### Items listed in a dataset
= Beginning of Section =

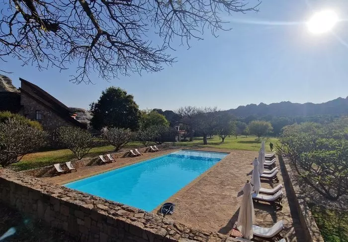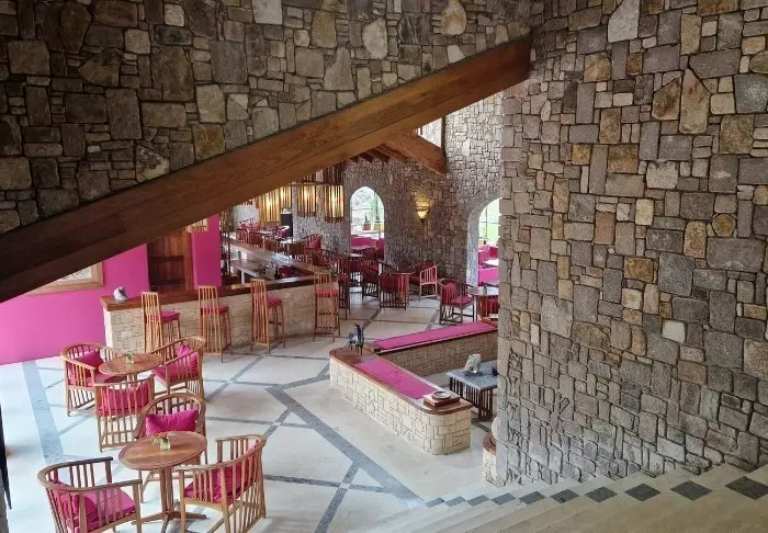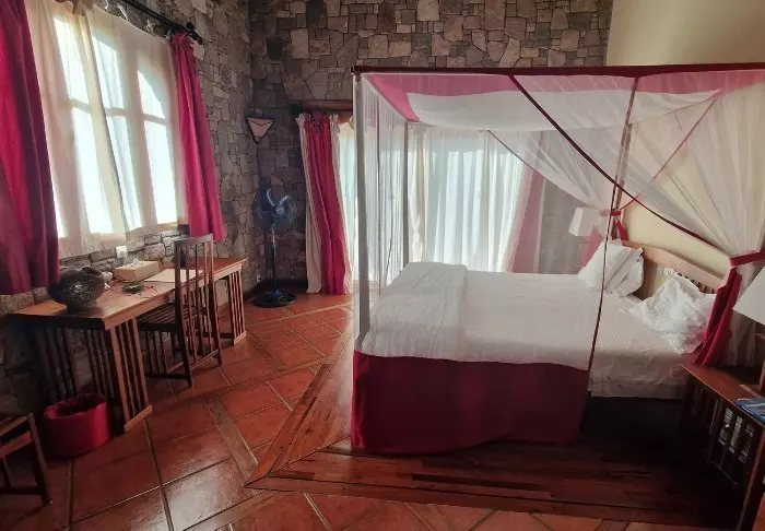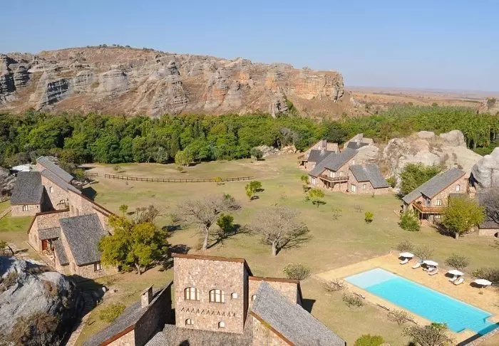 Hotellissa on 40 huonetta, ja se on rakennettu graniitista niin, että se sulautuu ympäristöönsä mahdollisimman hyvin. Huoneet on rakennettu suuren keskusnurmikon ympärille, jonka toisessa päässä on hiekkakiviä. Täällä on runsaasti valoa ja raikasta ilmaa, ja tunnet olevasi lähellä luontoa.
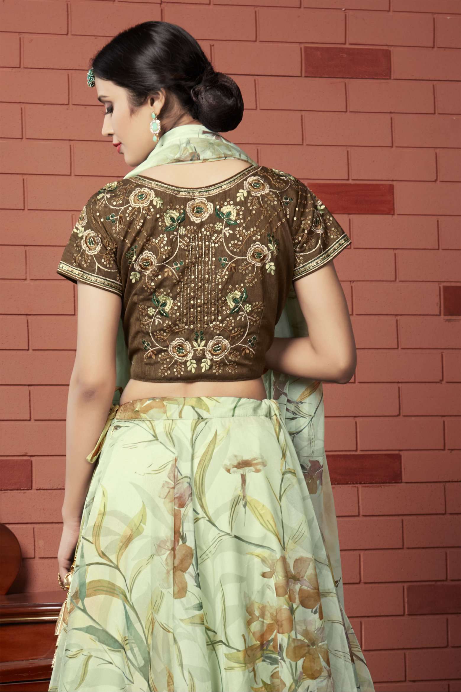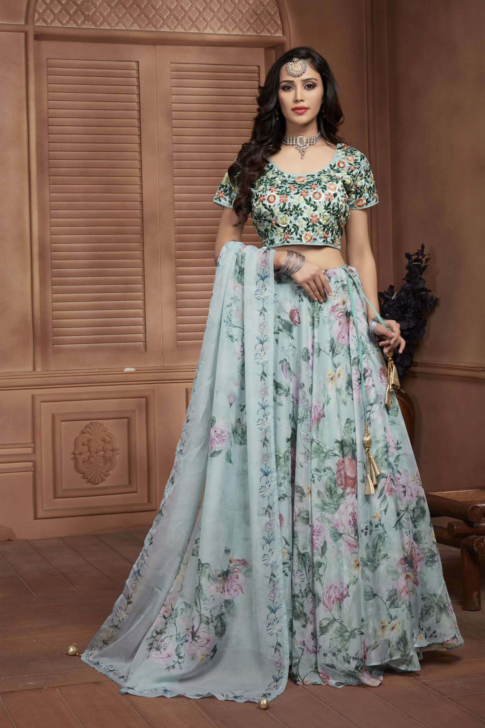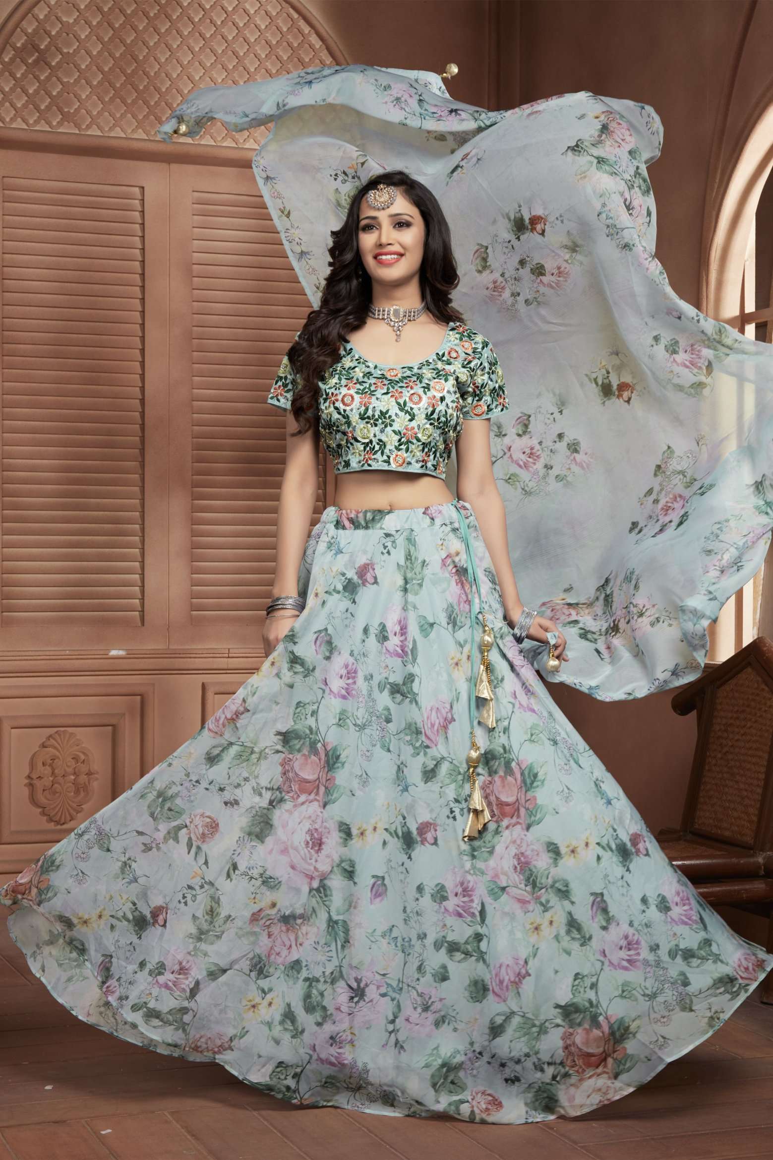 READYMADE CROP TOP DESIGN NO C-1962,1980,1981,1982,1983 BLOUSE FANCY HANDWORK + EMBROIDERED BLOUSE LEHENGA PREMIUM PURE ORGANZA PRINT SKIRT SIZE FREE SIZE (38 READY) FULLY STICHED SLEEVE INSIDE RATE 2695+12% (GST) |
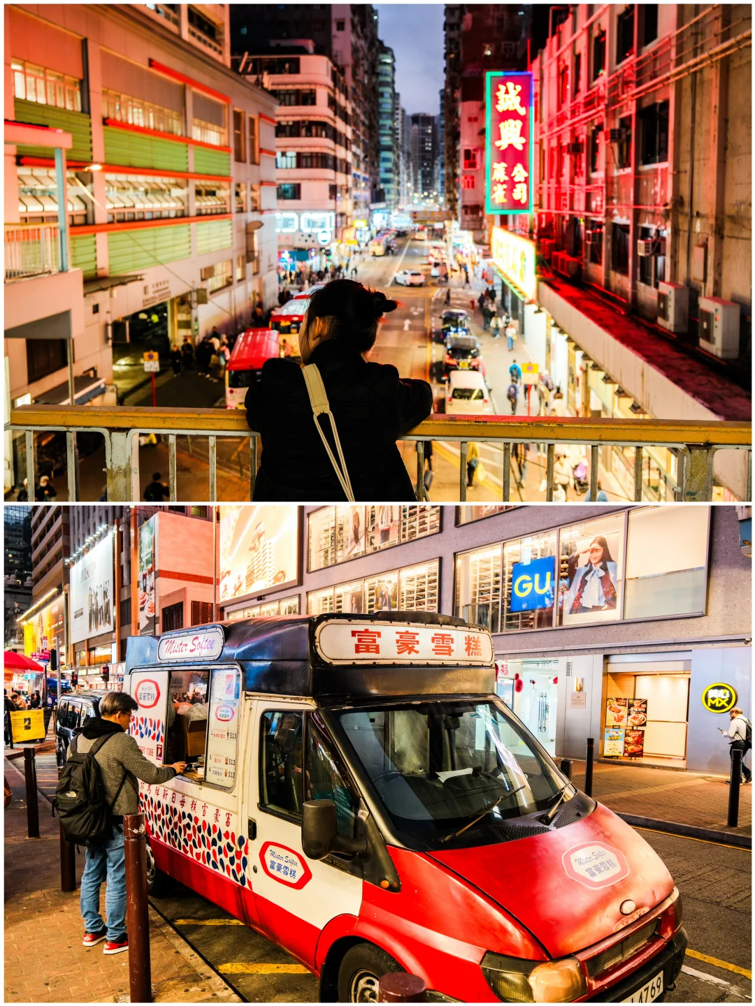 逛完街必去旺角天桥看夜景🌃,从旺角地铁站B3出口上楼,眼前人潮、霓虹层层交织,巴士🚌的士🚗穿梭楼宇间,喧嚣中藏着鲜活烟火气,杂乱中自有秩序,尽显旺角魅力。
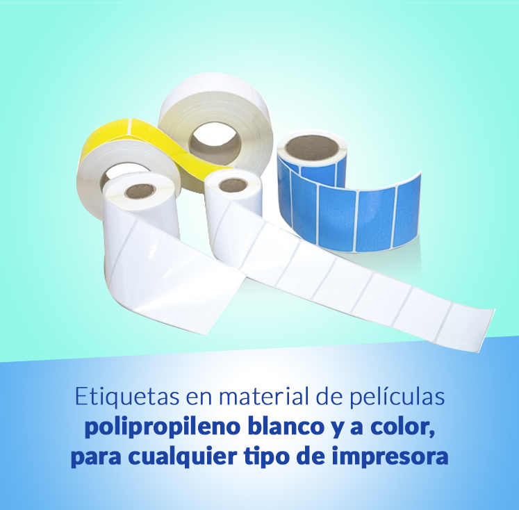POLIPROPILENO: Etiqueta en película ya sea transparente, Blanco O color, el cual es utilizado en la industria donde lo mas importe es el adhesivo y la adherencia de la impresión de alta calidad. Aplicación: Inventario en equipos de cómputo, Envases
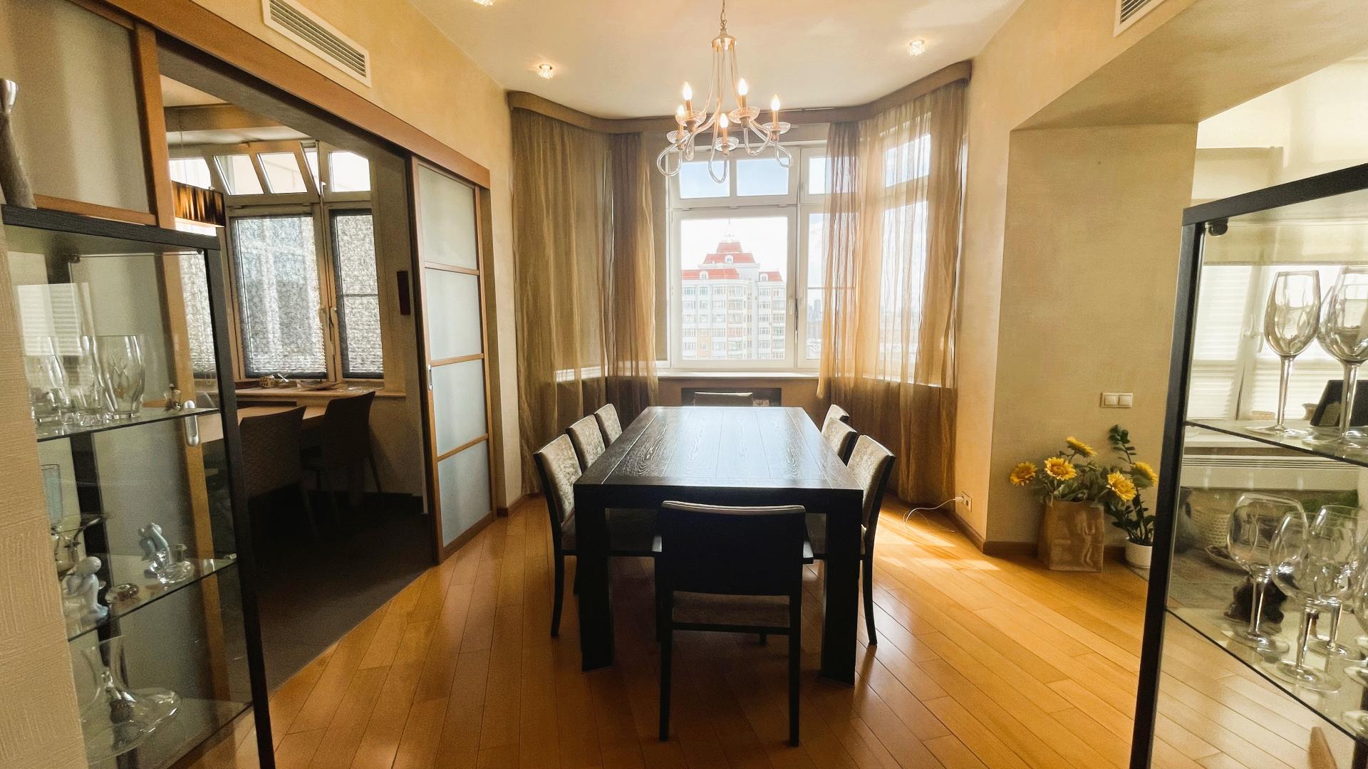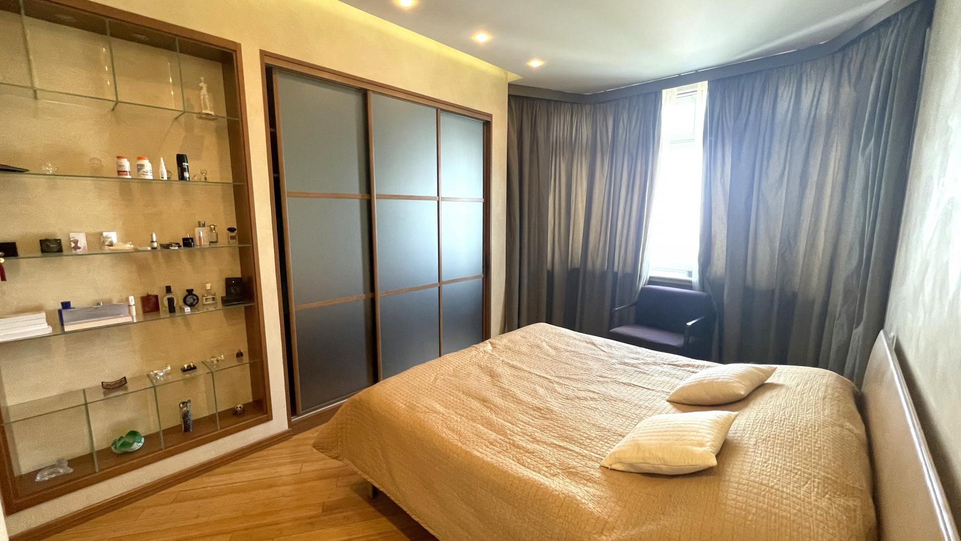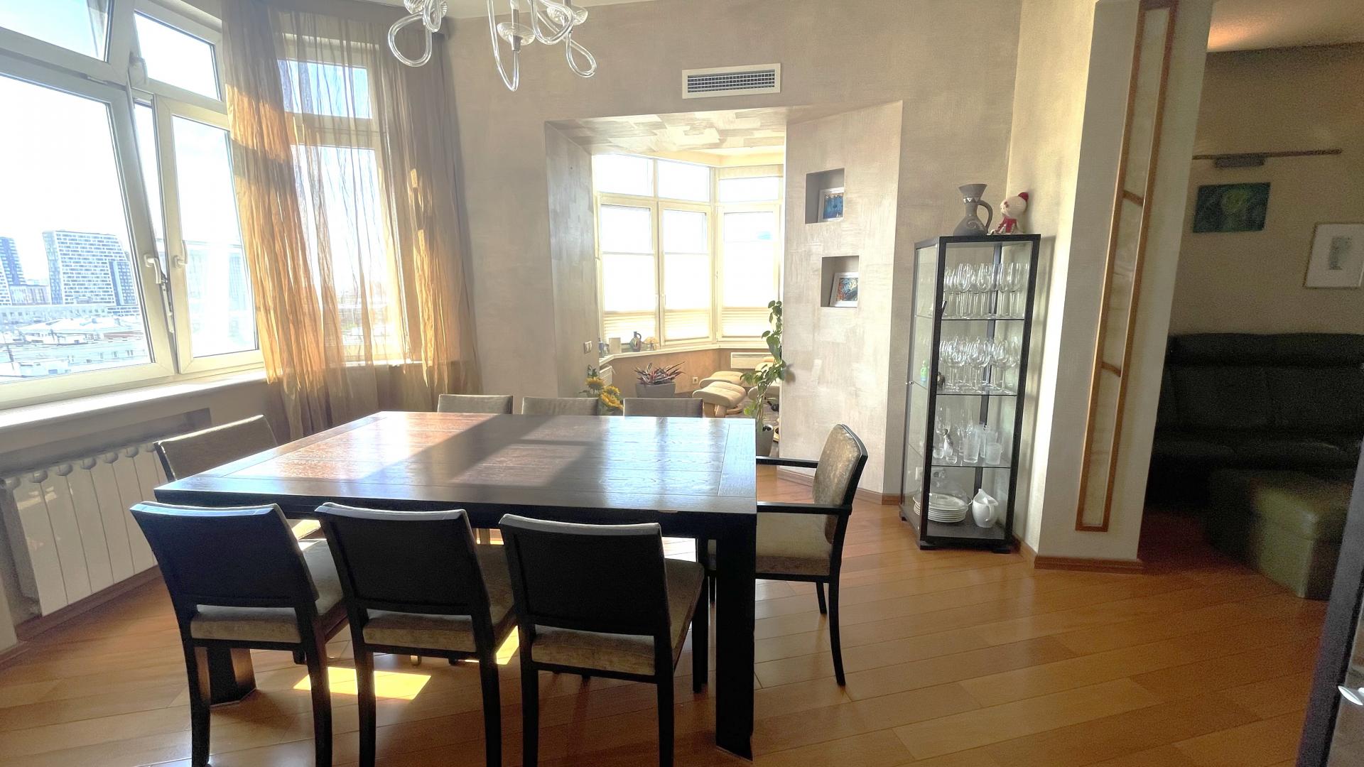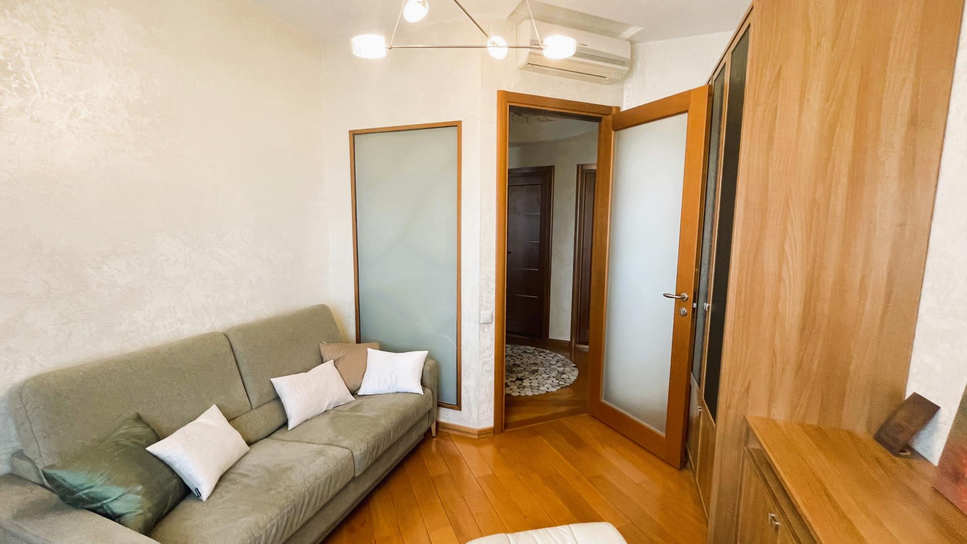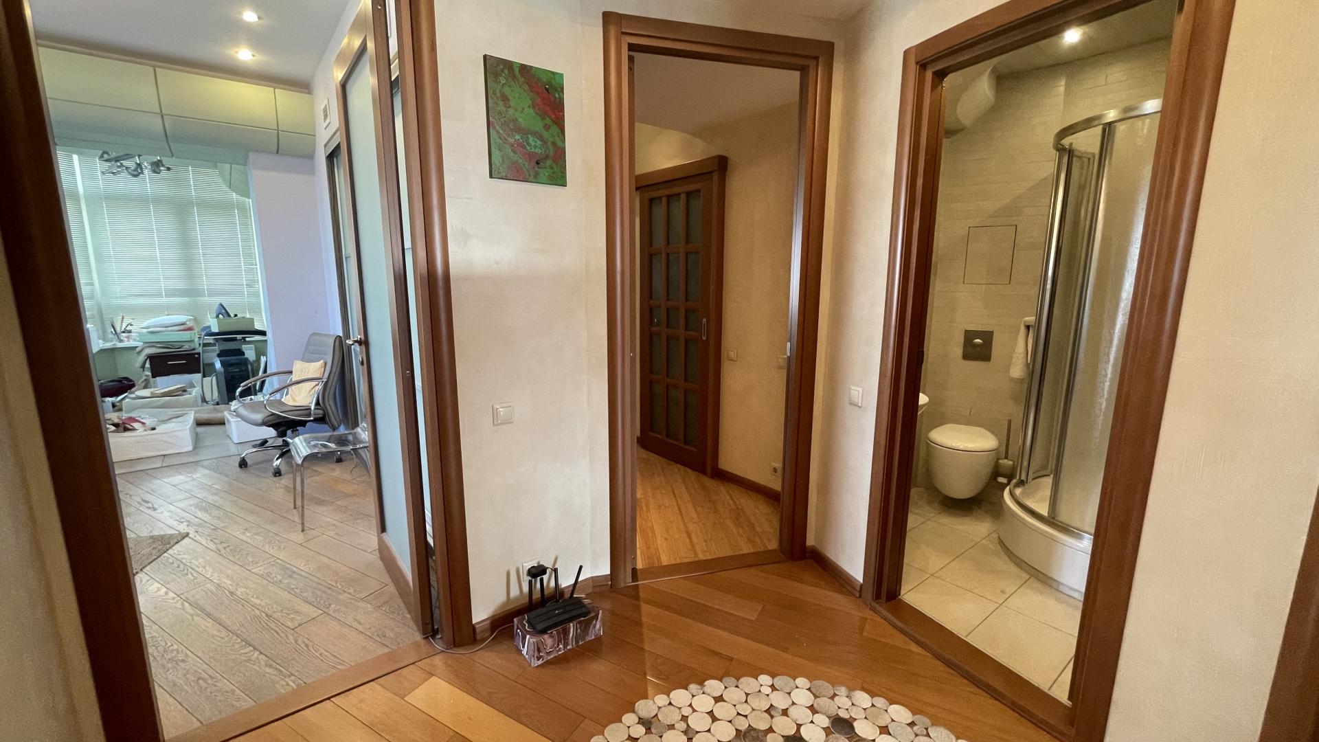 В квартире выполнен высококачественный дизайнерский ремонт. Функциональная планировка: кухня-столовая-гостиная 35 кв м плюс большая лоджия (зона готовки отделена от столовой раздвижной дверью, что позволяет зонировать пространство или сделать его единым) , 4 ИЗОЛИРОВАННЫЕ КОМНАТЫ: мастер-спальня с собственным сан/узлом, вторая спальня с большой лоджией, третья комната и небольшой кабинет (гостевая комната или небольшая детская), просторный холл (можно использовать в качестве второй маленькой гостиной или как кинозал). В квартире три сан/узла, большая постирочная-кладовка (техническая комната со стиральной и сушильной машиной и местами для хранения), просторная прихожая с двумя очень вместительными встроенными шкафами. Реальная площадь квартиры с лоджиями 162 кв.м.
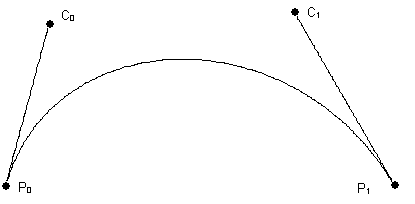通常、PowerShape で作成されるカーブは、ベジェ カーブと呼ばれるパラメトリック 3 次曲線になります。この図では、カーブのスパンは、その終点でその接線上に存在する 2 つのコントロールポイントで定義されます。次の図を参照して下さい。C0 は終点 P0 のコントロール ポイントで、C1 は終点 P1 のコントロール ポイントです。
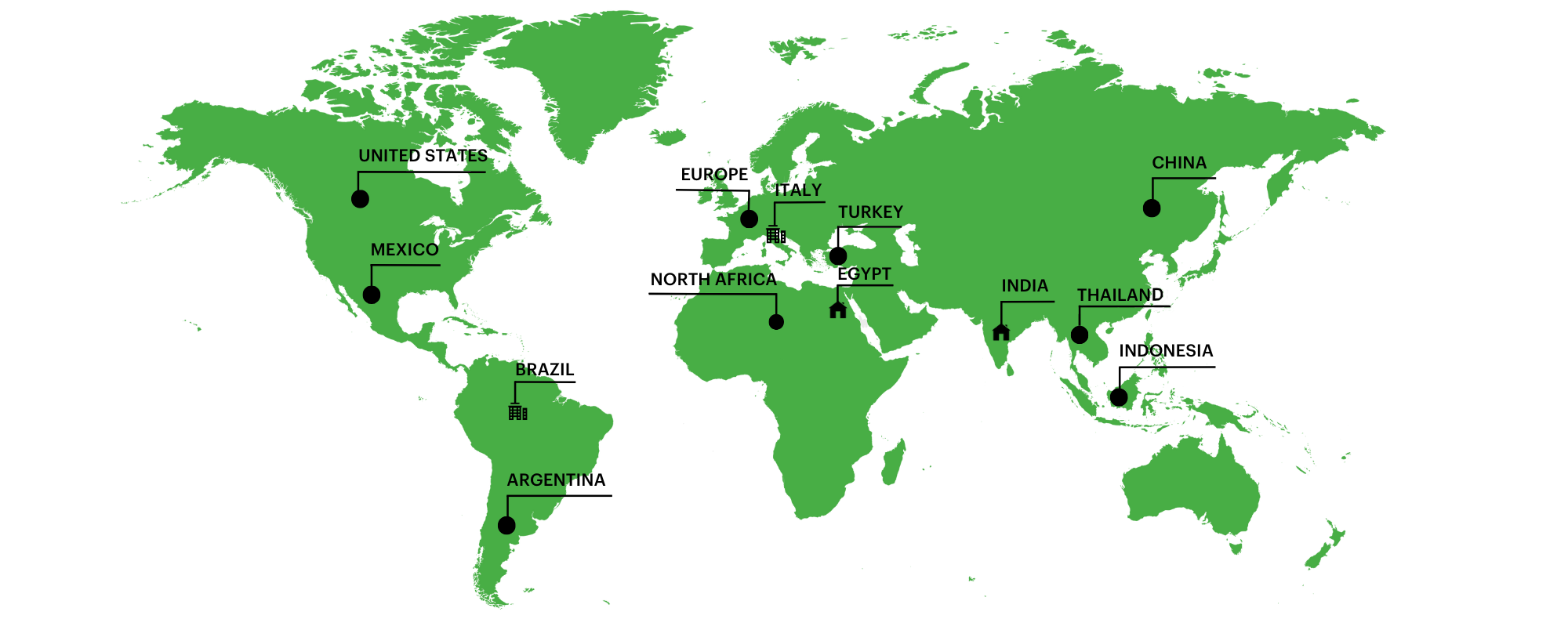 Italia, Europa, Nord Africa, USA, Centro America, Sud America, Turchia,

= End of Section =

### The task
Skip every picture, and restate word for word only the lines above from the line containing "READYMADE CROP TOP" to the line containing "通常、PowerShape で作成されるカーブは、ベジェ カーブと呼ばれるパラメトリック", both of them included.

### Task response
 READYMADE CROP TOP DESIGN NO C-1962,1980,1981,1982,1983 BLOUSE FANCY HANDWORK + EMBROIDERED BLOUSE LEHENGA PREMIUM PURE ORGANZA PRINT SKIRT SIZE FREE SIZE (38 READY) FULLY STICHED SLEEVE INSIDE RATE 2695+12% (GST) |
 逛完街必去旺角天桥看夜景🌃,从旺角地铁站B3出口上楼,眼前人潮、霓虹层层交织,巴士🚌的士🚗穿梭楼宇间,喧嚣中藏着鲜活烟火气,杂乱中自有秩序,尽显旺角魅力。
POLIPROPILENO: Etiqueta en película ya sea transparente, Blanco O color, el cual es utilizado en la industria donde lo mas importe es el adhesivo y la adherencia de la impresión de alta calidad. Aplicación: Inventario en equipos de cómputo, Envases
 В квартире выполнен высококачественный дизайнерский ремонт. Функциональная планировка: кухня-столовая-гостиная 35 кв м плюс большая лоджия (зона готовки отделена от столовой раздвижной дверью, что позволяет зонировать пространство или сделать его единым) , 4 ИЗОЛИРОВАННЫЕ КОМНАТЫ: мастер-спальня с собственным сан/узлом, вторая спальня с большой лоджией, третья комната и небольшой кабинет (гостевая комната или небольшая детская), просторный холл (можно использовать в качестве второй маленькой гостиной или как кинозал). В квартире три сан/узла, большая постирочная-кладовка (техническая комната со стиральной и сушильной машиной и местами для хранения), просторная прихожая с двумя очень вместительными встроенными шкафами. Реальная площадь квартиры с лоджиями 162 кв.м.
通常、PowerShape で作成されるカーブは、ベジェ カーブと呼ばれるパラメトリック 3 次曲線になります。この図では、カーブのスパンは、その終点でその接線上に存在する 2 つのコントロールポイントで定義されます。次の図を参照して下さい。C0 は終点 P0 のコントロール ポイントで、C1 は終点 P1 のコントロール ポイントです。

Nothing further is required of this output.